Survivin, also called baculoviral inhibitor of apoptosis repeat-containing 5 or BIRC5, is a protein that, in humans, is encoded by the BIRC5 gene.

Survivin is a member of the inhibitor of apoptosis (IAP) family. The survivin protein functions to inhibit caspase activation, thereby leading to negative regulation of apoptosis or programmed cell death. This has been shown by disruption of survivin induction pathways leading to increase in apoptosis and decrease in tumour growth. The survivin protein is expressed highly in most human tumours and fetal tissue, but is completely absent in terminally differentiated cells.

== Structure ==

Survivin is distinguished from other IAP family members in that it has only one baculoviral IAP repeat (BIR) domain. The protein is 16.5 kDa large and is the smallest member of the IAP family.

== Function ==

Survivin is expressed in a cell cycle-dependent manner, with highest levels in the G2/M phase.
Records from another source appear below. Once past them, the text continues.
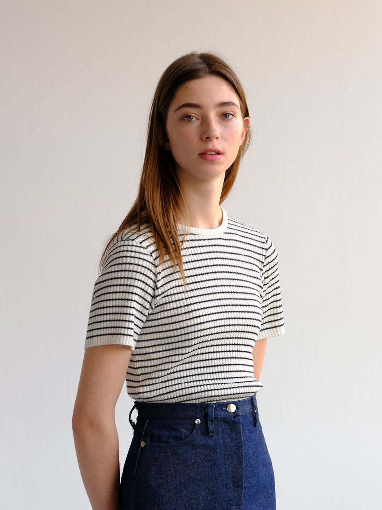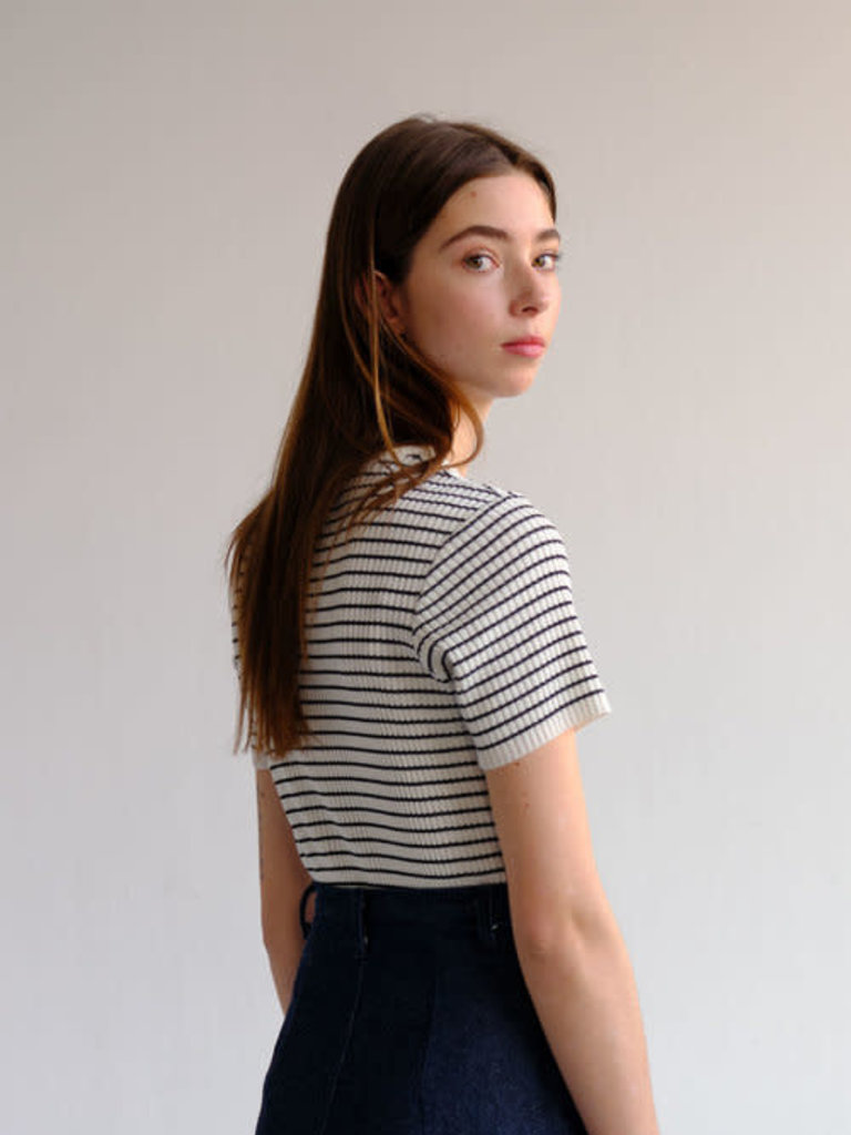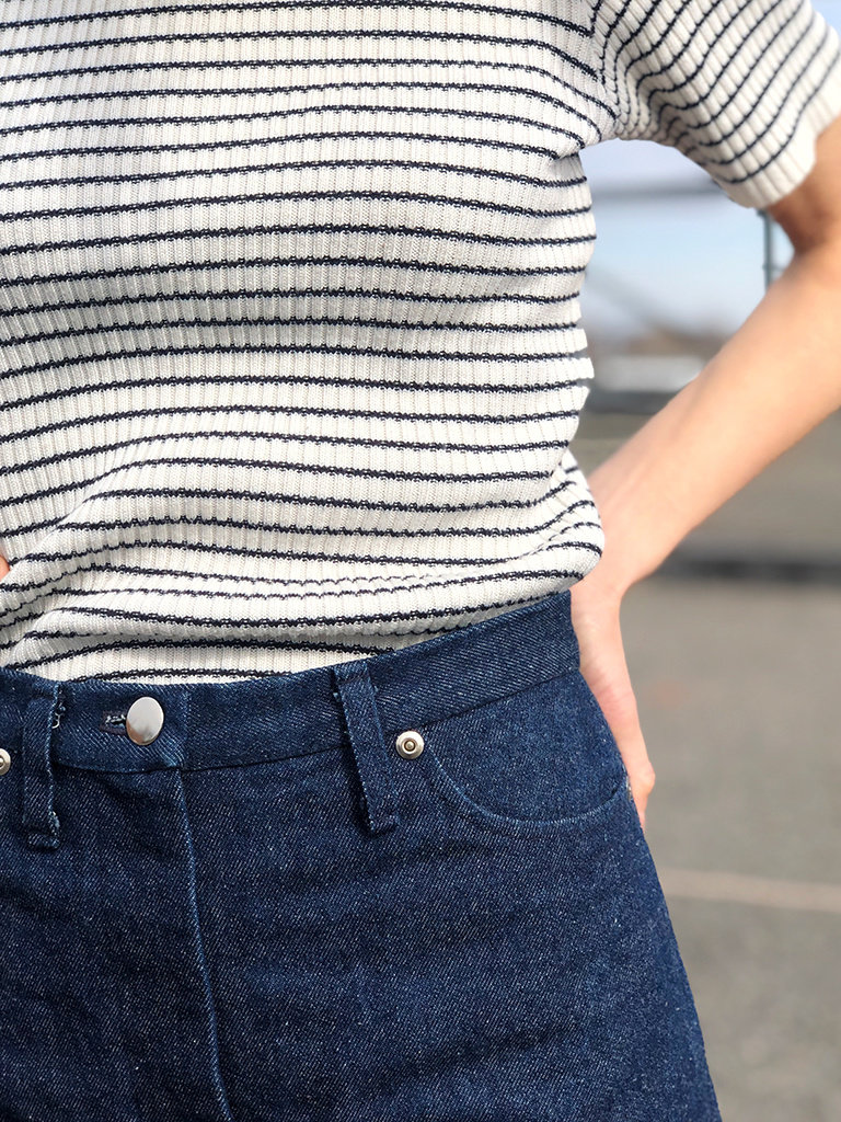 This top pairs well with any high-waisted bottom. Made from a stretchy bamboo jersey that doesn’t pill. Crew neck and slim fit.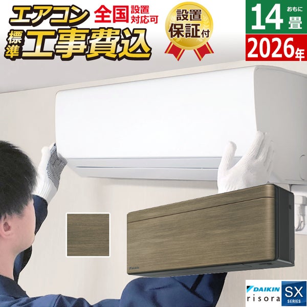 他の画像を見る ☆工事費込☆最大5年間延長保証申し込み可能! エアコン 14畳用 工事費込み 4.0kW 200V ダイキン リソラ SXシリーズ 2026年モデル S406ATSV-T-SET ノルディックブラウン 室外電源モデル S406ATSV-T-ko2 当店特別価格 ¥ 206,800 税込 ☆工事費込☆最大5年間延長保証申し込み可能! 詳細を見る お気に入りに登録する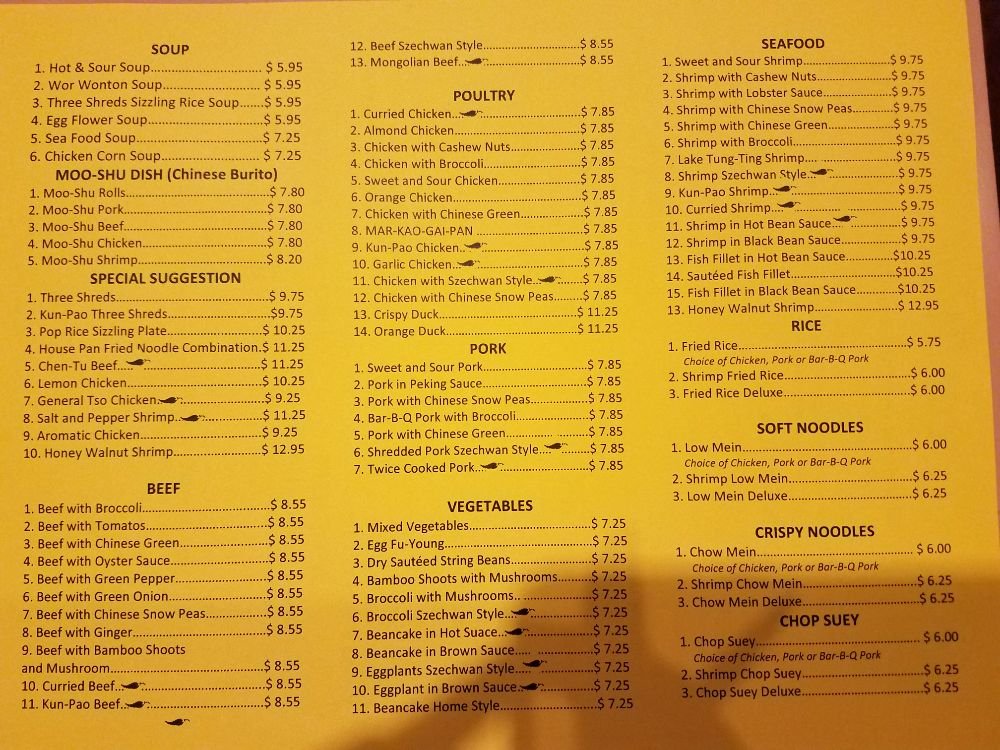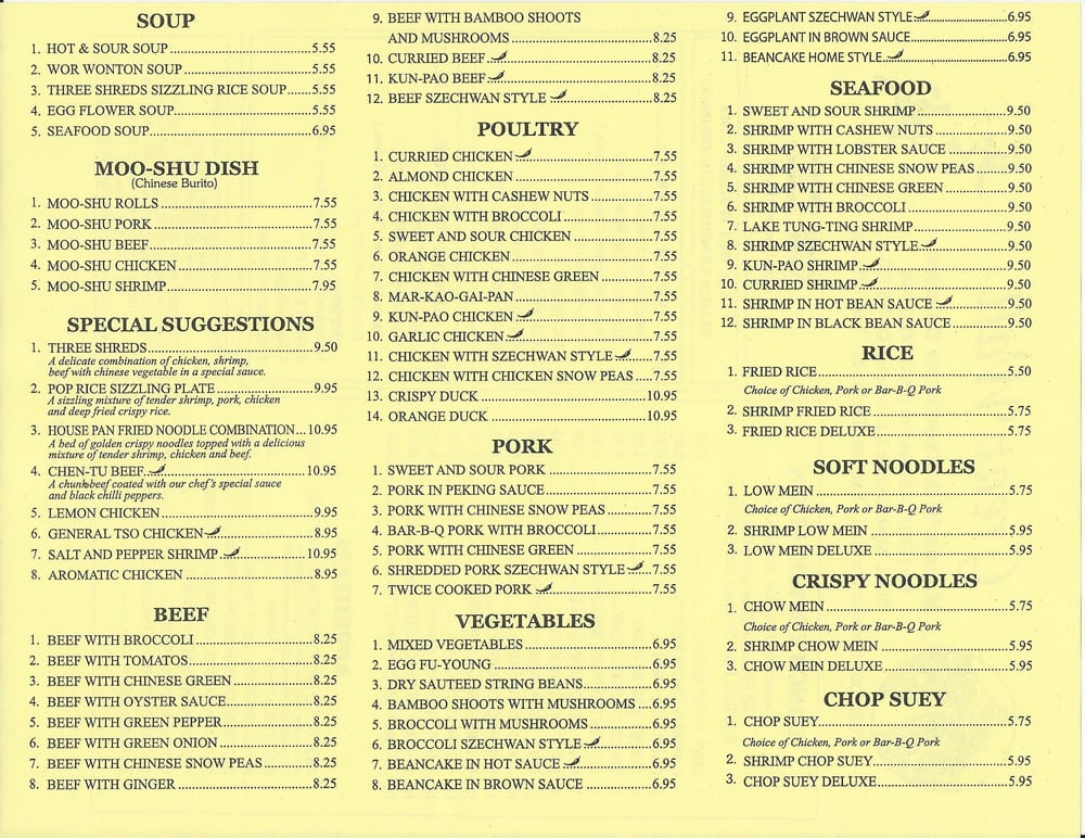 Shredded pork in a spicy Szechwan sauce. Choice of egg drop, hot & sour, or wonton soup. Served with fried or steamed rice.

It localizes to the mitotic spindle during cell division and interacts with tubulin. Survivin plays important roles in regulating mitosis, inhibiting apoptosis, and promoting angiogenesis.

== Role in cancer ==

Survivin is highly expressed in most human cancers but is rarely detectable in normal adult tissues. Its overexpression in tumors correlates with increased drug resistance, reduced apoptosis, and poor patient prognosis. The aberrant regulation of survivin in cancer cells makes it an attractive target for cancer therapy.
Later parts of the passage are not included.